_TASK_
Return the entries below verbatim. Pictures stay out.

* * * * * * * * *

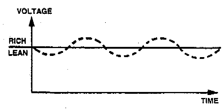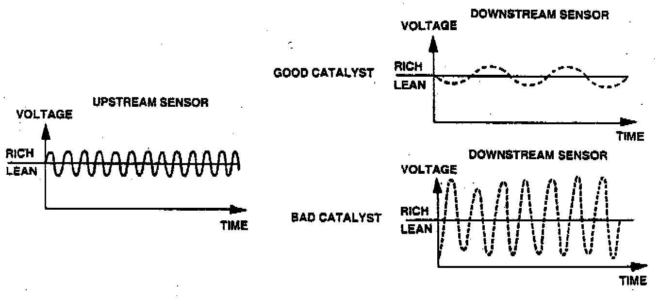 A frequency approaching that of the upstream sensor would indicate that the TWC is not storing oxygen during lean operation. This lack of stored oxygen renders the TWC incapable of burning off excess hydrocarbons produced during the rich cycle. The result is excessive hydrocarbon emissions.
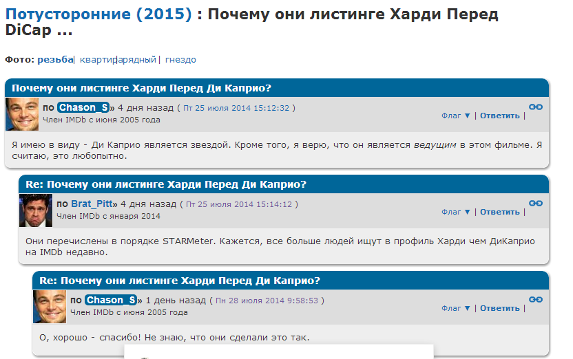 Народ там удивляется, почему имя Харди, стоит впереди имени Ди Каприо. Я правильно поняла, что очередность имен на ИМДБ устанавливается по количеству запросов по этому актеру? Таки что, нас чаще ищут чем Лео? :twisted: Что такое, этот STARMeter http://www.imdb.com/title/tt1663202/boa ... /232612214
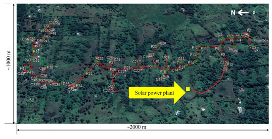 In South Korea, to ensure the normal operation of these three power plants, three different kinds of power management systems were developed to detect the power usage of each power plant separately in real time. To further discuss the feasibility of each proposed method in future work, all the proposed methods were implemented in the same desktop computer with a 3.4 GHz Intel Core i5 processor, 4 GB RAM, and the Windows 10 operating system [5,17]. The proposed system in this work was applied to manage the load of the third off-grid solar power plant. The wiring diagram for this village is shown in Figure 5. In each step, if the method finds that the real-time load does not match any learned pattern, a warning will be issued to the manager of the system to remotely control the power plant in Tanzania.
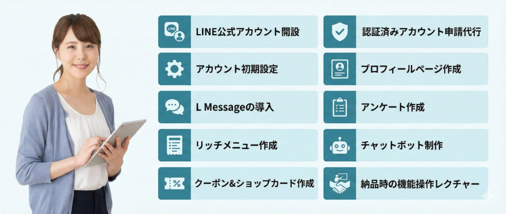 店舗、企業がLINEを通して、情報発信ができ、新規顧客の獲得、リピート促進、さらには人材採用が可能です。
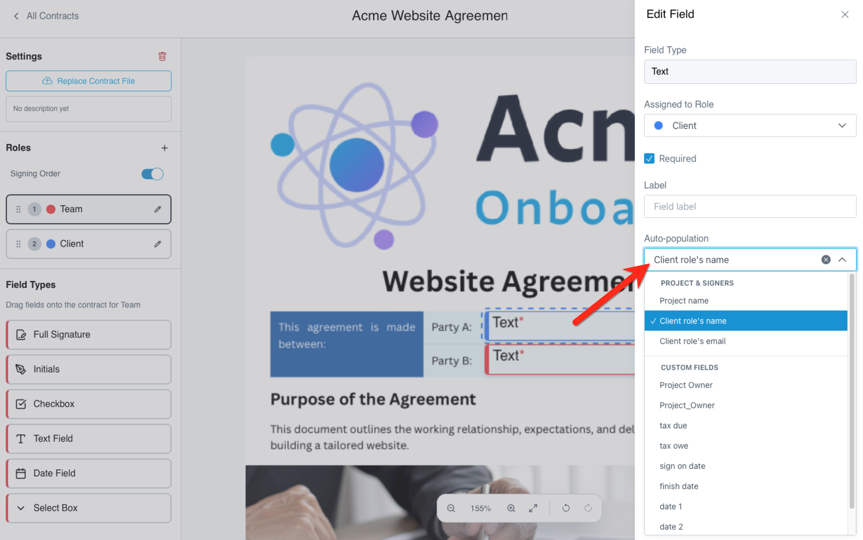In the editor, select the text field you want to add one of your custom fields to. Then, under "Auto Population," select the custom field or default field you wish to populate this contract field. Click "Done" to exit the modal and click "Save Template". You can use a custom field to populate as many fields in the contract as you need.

* * * * * * * * *

_EXERCISE SOLUTION_
 A frequency approaching that of the upstream sensor would indicate that the TWC is not storing oxygen during lean operation. This lack of stored oxygen renders the TWC incapable of burning off excess hydrocarbons produced during the rich cycle. The result is excessive hydrocarbon emissions.
 Народ там удивляется, почему имя Харди, стоит впереди имени Ди Каприо. Я правильно поняла, что очередность имен на ИМДБ устанавливается по количеству запросов по этому актеру? Таки что, нас чаще ищут чем Лео? :twisted: Что такое, этот STARMeter http://www.imdb.com/title/tt1663202/boa ... /232612214
 In South Korea, to ensure the normal operation of these three power plants, three different kinds of power management systems were developed to detect the power usage of each power plant separately in real time. To further discuss the feasibility of each proposed method in future work, all the proposed methods were implemented in the same desktop computer with a 3.4 GHz Intel Core i5 processor, 4 GB RAM, and the Windows 10 operating system [5,17]. The proposed system in this work was applied to manage the load of the third off-grid solar power plant. The wiring diagram for this village is shown in Figure 5. In each step, if the method finds that the real-time load does not match any learned pattern, a warning will be issued to the manager of the system to remotely control the power plant in Tanzania.
 店舗、企業がLINEを通して、情報発信ができ、新規顧客の獲得、リピート促進、さらには人材採用が可能です。
In the editor, select the text field you want to add one of your custom fields to. Then, under "Auto Population," select the custom field or default field you wish to populate this contract field. Click "Done" to exit the modal and click "Save Template". You can use a custom field to populate as many fields in the contract as you need.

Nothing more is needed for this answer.